----- Entries shown

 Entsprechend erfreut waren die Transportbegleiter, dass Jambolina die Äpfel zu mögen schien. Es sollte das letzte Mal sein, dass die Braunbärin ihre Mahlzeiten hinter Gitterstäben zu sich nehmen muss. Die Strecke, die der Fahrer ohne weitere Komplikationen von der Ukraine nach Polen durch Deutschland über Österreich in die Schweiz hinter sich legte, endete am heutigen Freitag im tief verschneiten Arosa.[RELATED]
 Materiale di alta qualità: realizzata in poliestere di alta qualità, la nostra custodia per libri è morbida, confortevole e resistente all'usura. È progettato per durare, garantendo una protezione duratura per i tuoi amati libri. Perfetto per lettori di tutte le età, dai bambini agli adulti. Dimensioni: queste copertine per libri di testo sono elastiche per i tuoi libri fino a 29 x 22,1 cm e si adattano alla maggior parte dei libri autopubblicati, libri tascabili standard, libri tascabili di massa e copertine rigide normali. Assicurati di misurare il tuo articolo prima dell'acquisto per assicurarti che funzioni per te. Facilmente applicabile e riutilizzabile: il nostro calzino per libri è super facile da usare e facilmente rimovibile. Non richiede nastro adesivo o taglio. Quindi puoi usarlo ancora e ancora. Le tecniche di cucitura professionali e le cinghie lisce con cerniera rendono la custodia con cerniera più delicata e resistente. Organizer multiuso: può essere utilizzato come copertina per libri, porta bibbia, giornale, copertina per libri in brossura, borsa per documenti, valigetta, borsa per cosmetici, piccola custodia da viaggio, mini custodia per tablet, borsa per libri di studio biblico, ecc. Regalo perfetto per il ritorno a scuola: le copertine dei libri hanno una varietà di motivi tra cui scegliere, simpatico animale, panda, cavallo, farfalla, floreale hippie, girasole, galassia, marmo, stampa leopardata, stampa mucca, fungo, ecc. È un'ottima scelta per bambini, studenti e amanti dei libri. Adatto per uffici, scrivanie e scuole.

----------
----- Entries shown

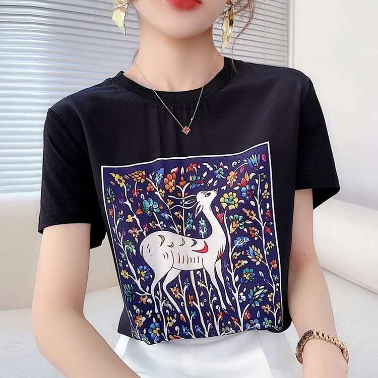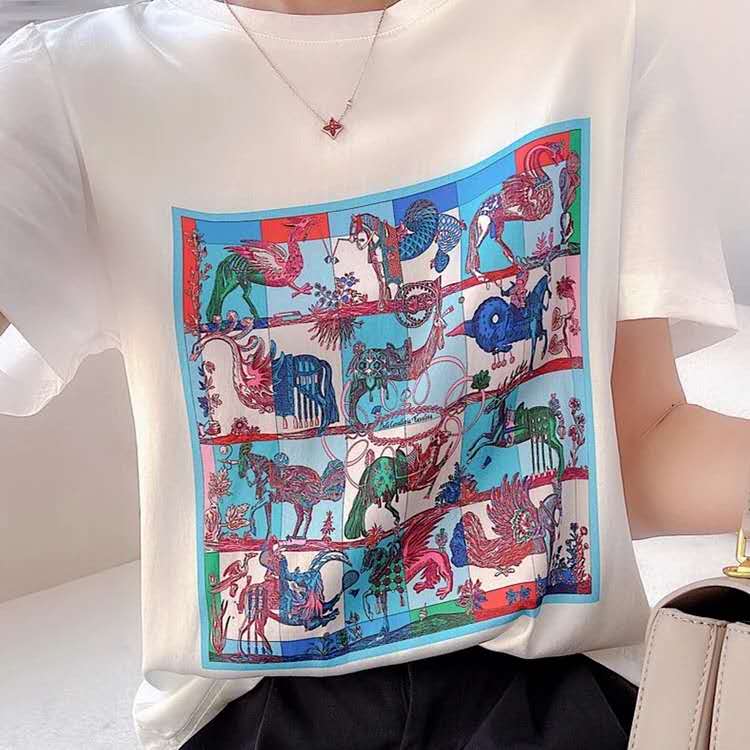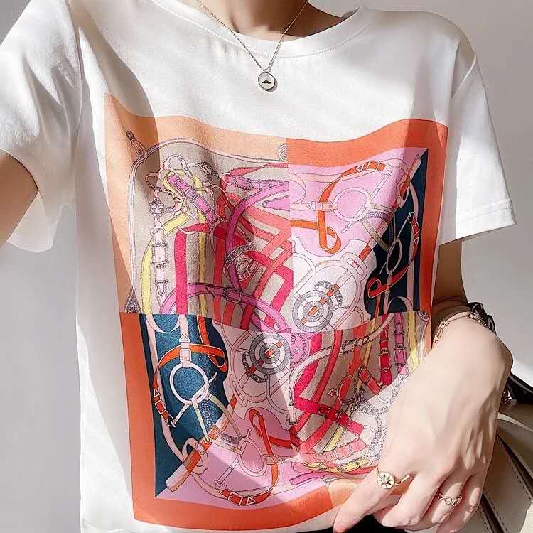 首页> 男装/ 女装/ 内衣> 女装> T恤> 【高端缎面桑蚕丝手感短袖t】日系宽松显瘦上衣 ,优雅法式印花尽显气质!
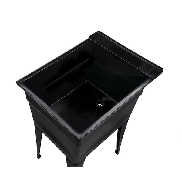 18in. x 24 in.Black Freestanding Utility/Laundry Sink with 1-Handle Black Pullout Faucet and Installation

----------

▶ Problem to work on:
Reproduce the data above exactly, but only from the line containing "首页> 男装/ 女装/" through the line containing "18in. x 24 in.Black"; skip the pictures.

▶ Result of the task:
 首页> 男装/ 女装/ 内衣> 女装> T恤> 【高端缎面桑蚕丝手感短袖t】日系宽松显瘦上衣 ,优雅法式印花尽显气质!
 18in. x 24 in.Black Freestanding Utility/Laundry Sink with 1-Handle Black Pullout Faucet and Installation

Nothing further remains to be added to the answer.